[[ Recorded data, beginning ]]

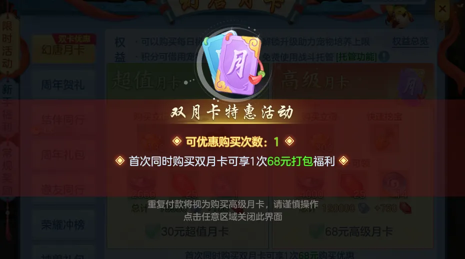 《幻唐志:逍遥外传》现在玩新区有什么福利?幻唐志逍遥外传新服怎么玩?幻唐志逍遥外传新区怎么起号?神兽结缘、灵丹宝库、灵宠培养等新服福利,助力你快速起号! 签到送萌宠 次日签到可领取萌宠“小荷灵”,携带特殊技能【萌宠驰援】;除此之外,萌宠可进修2次,第2次进修可在3个高级技能中选择1个作为第5技能。 宠物携带“萌宠驰援”可以在主人倒地的状态下出场,少侠们在新服前期的体验中容错率会更高。无论是日常挑战还是玩家对战,都不会那么容易被一波打倒! 萌宠培养活动 1)重炮小熊内丹道具提前到开服第6天满足要求即可使用; 2)降低小荷灵宠物进阶所需萌宠珠数量要求; 3)购买月卡可获得萌宠护符,限小荷灵可使用。 灵丹宝库活动 服务器等级达到45级开启活动,每天活跃可获得一定数量储备还童丹与简易通灵符,活动结束时可领取奖励。 新服神兽结缘活动 1)活动期间,神兽礼包售价固定19700金币; 2)限时上架神兽小礼包(神兽源生+神兽聊天框),与神兽礼包共享购买上限; 3)首次神兽造型转换可享85折优惠。 双月卡特惠活动 首次开通双月卡时可享受打包优惠仅需68元。 灵宠培养活动 活动期间对55级宠物洗宠可累积进度领取奖励,每日活跃可领取洗宠券,达成条件还可领取限定成就勋章。 此外苍叶猫洗宠变异达一定次数还可增加其格子出技能概率,达成条件可获得限定成就勋章。 本服苍叶猫天生技能调整为高级连击、高级偷袭、强力、强壮、飞行。 血脉培养活动 达300活跃可领取血脉源石(可金币解锁进阶奖励)、降低前2次保底次数要求助力红纹获取、血脉词条支持使用银币重置。 有了这些福利,玩转新区还不是手拿把掐呀! 编辑:ssc
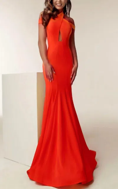Crisscrossed Bodice High Neck Mermaid Gown In Red
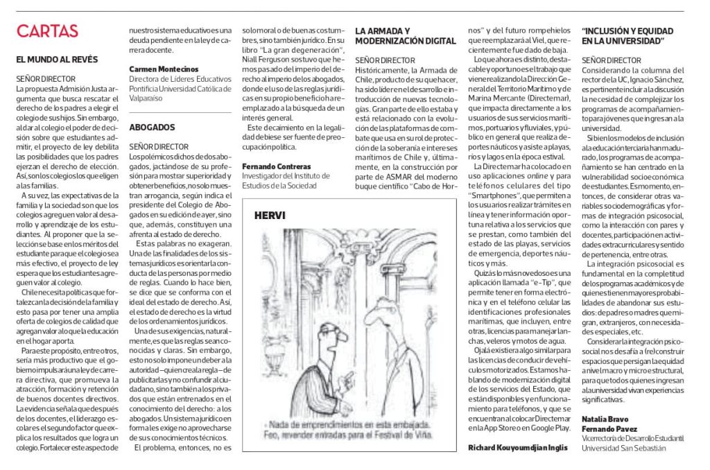 Carta al director La Tercera: “El mundo al revés”. Por Carmen Montecinos
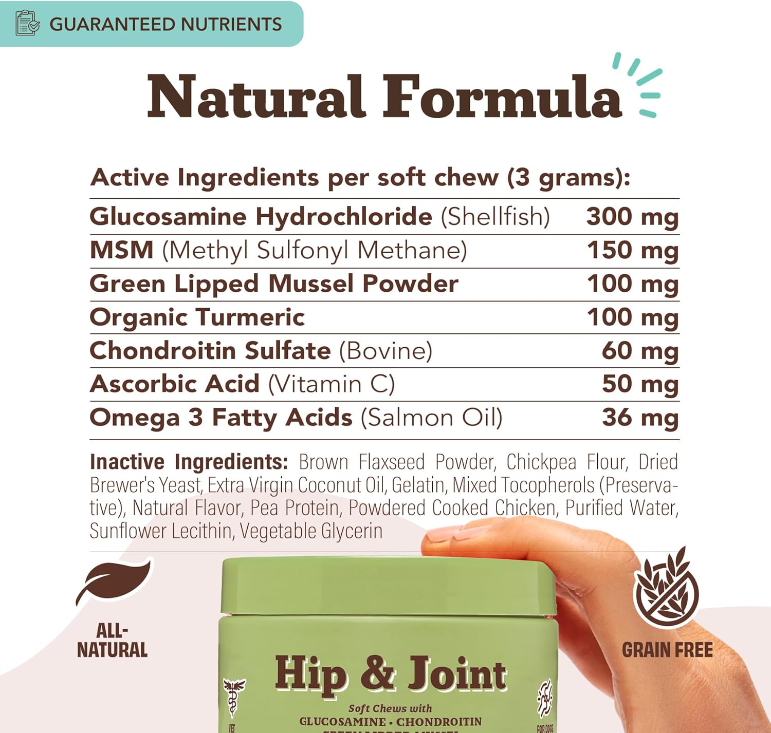 - PROMOTES A HEALTHY INFLAMMATORY RESPONSE: These hip and joint supplements for dogs support healthy joints by maintaining normal inflammation levels, naturally easing discomfort. Featuring powerful ingredients like Green Lipped Mussel, they may work as a Dog Arthritis Supplement and essential Dog Mobility Chews.
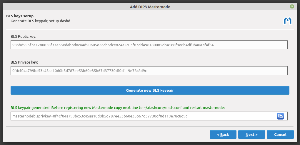 The masternode owner may also update the operator BLS key at any time. Click Next to continue.
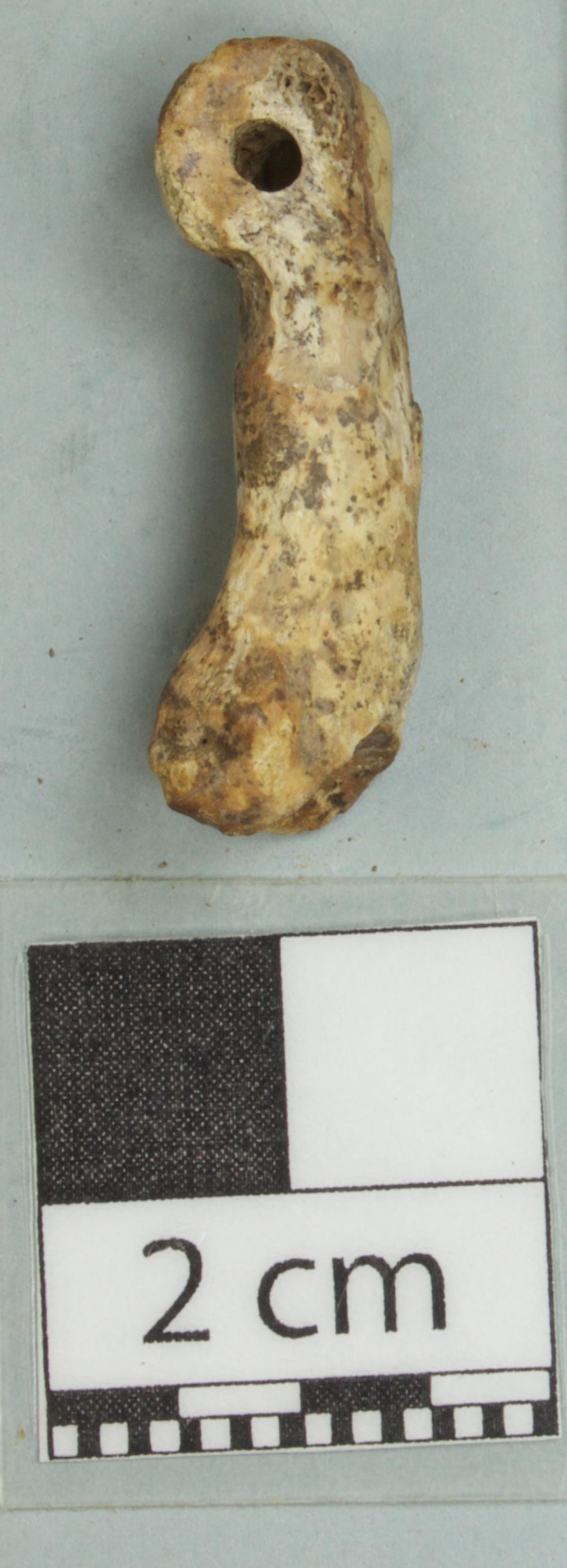 3592 - Canino de perro perforado. Aunque se encuentra fragmentado, se conservan sus partes.
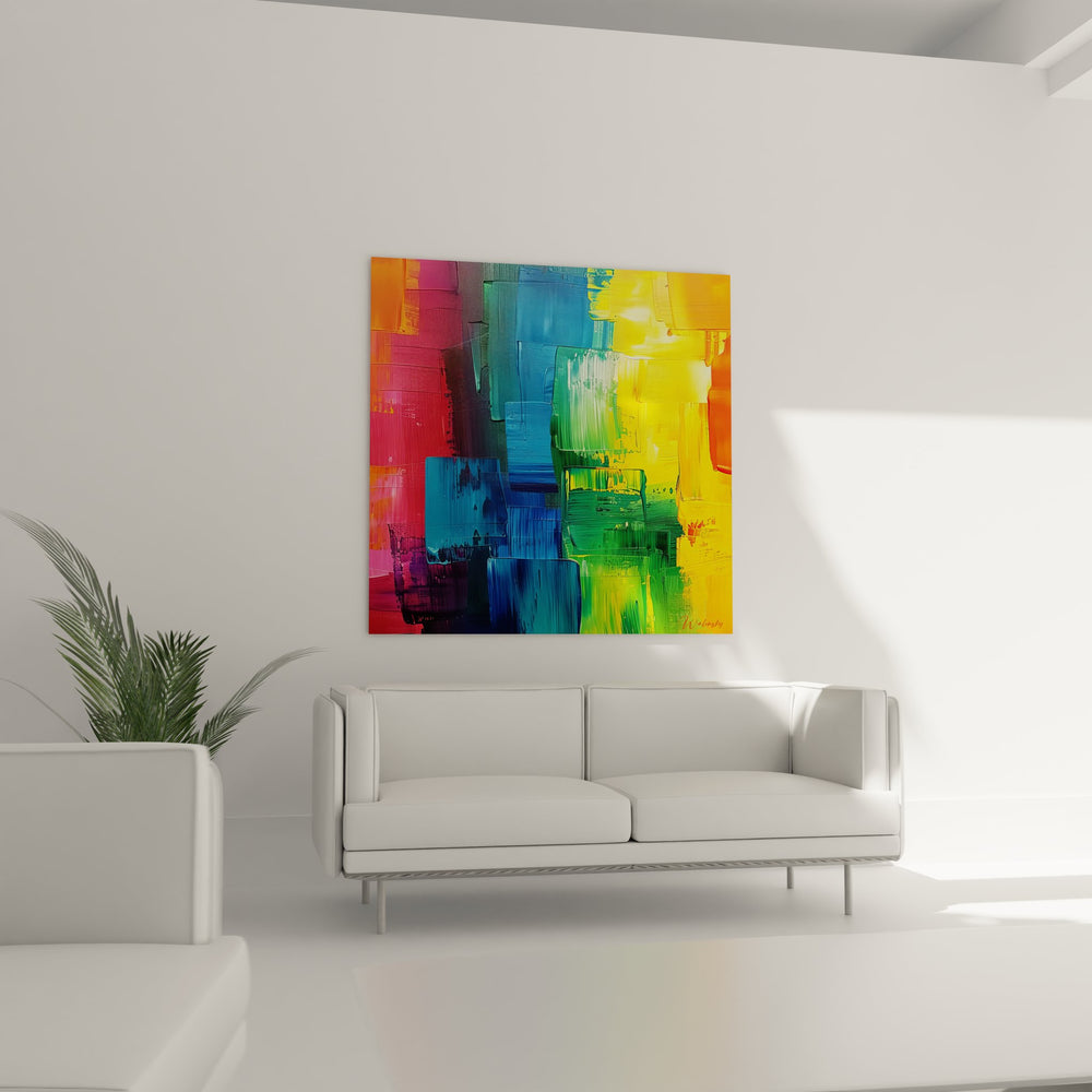 Ce tableau mural abstrait présente une composition dynamique où les couleurs se mélangent et s'entrechoquent dans un ballet visuel saisissant. La peinture abstraite moderne révèle un spectre chromatique complet, allant des rouges incandescents aux oranges chaleureux, en passant par les jaunes éclatants, les verts profonds, les bleus océaniques et les violets mystérieux. Les couleurs vives abstraites sont appliquées par couches successives, créant des effets de transparence et d'opacité qui donnent une profondeur remarquable à l'œuvre. Les coups de pinceau expressifs et les textures variées témoignent d'une technique picturale maîtrisée, où chaque zone colorée dialogue avec ses voisines. Cette toile contemporaine multicolore évoque un paysage émotionnel où les sensations se transforment en couleurs pures. L'art mural décoratif proposé ici transcende la simple représentation pour offrir une expérience esthétique immersive. Les transitions chromatiques fluides créent un mouvement perpétuel qui capte le regard et invite à la contemplation. Cette œuvre d'art moderne s'inscrit parfaitement dans les tendances actuelles de la décoration intérieure, apportant énergie et caractère à tout espace de vie.

[[ Recorded data, end ]]

• **What you will do**
Exactly as written, restate the listing above with its pictures omitted.

• **Answer**
 《幻唐志:逍遥外传》现在玩新区有什么福利?幻唐志逍遥外传新服怎么玩?幻唐志逍遥外传新区怎么起号?神兽结缘、灵丹宝库、灵宠培养等新服福利,助力你快速起号! 签到送萌宠 次日签到可领取萌宠“小荷灵”,携带特殊技能【萌宠驰援】;除此之外,萌宠可进修2次,第2次进修可在3个高级技能中选择1个作为第5技能。 宠物携带“萌宠驰援”可以在主人倒地的状态下出场,少侠们在新服前期的体验中容错率会更高。无论是日常挑战还是玩家对战,都不会那么容易被一波打倒! 萌宠培养活动 1)重炮小熊内丹道具提前到开服第6天满足要求即可使用; 2)降低小荷灵宠物进阶所需萌宠珠数量要求; 3)购买月卡可获得萌宠护符,限小荷灵可使用。 灵丹宝库活动 服务器等级达到45级开启活动,每天活跃可获得一定数量储备还童丹与简易通灵符,活动结束时可领取奖励。 新服神兽结缘活动 1)活动期间,神兽礼包售价固定19700金币; 2)限时上架神兽小礼包(神兽源生+神兽聊天框),与神兽礼包共享购买上限; 3)首次神兽造型转换可享85折优惠。 双月卡特惠活动 首次开通双月卡时可享受打包优惠仅需68元。 灵宠培养活动 活动期间对55级宠物洗宠可累积进度领取奖励,每日活跃可领取洗宠券,达成条件还可领取限定成就勋章。 此外苍叶猫洗宠变异达一定次数还可增加其格子出技能概率,达成条件可获得限定成就勋章。 本服苍叶猫天生技能调整为高级连击、高级偷袭、强力、强壮、飞行。 血脉培养活动 达300活跃可领取血脉源石(可金币解锁进阶奖励)、降低前2次保底次数要求助力红纹获取、血脉词条支持使用银币重置。 有了这些福利,玩转新区还不是手拿把掐呀! 编辑:ssc
Crisscrossed Bodice High Neck Mermaid Gown In Red
 Carta al director La Tercera: “El mundo al revés”. Por Carmen Montecinos
 - PROMOTES A HEALTHY INFLAMMATORY RESPONSE: These hip and joint supplements for dogs support healthy joints by maintaining normal inflammation levels, naturally easing discomfort. Featuring powerful ingredients like Green Lipped Mussel, they may work as a Dog Arthritis Supplement and essential Dog Mobility Chews.
 The masternode owner may also update the operator BLS key at any time. Click Next to continue.
 3592 - Canino de perro perforado. Aunque se encuentra fragmentado, se conservan sus partes.
 Ce tableau mural abstrait présente une composition dynamique où les couleurs se mélangent et s'entrechoquent dans un ballet visuel saisissant. La peinture abstraite moderne révèle un spectre chromatique complet, allant des rouges incandescents aux oranges chaleureux, en passant par les jaunes éclatants, les verts profonds, les bleus océaniques et les violets mystérieux. Les couleurs vives abstraites sont appliquées par couches successives, créant des effets de transparence et d'opacité qui donnent une profondeur remarquable à l'œuvre. Les coups de pinceau expressifs et les textures variées témoignent d'une technique picturale maîtrisée, où chaque zone colorée dialogue avec ses voisines. Cette toile contemporaine multicolore évoque un paysage émotionnel où les sensations se transforment en couleurs pures. L'art mural décoratif proposé ici transcende la simple représentation pour offrir une expérience esthétique immersive. Les transitions chromatiques fluides créent un mouvement perpétuel qui capte le regard et invite à la contemplation. Cette œuvre d'art moderne s'inscrit parfaitement dans les tendances actuelles de la décoration intérieure, apportant énergie et caractère à tout espace de vie.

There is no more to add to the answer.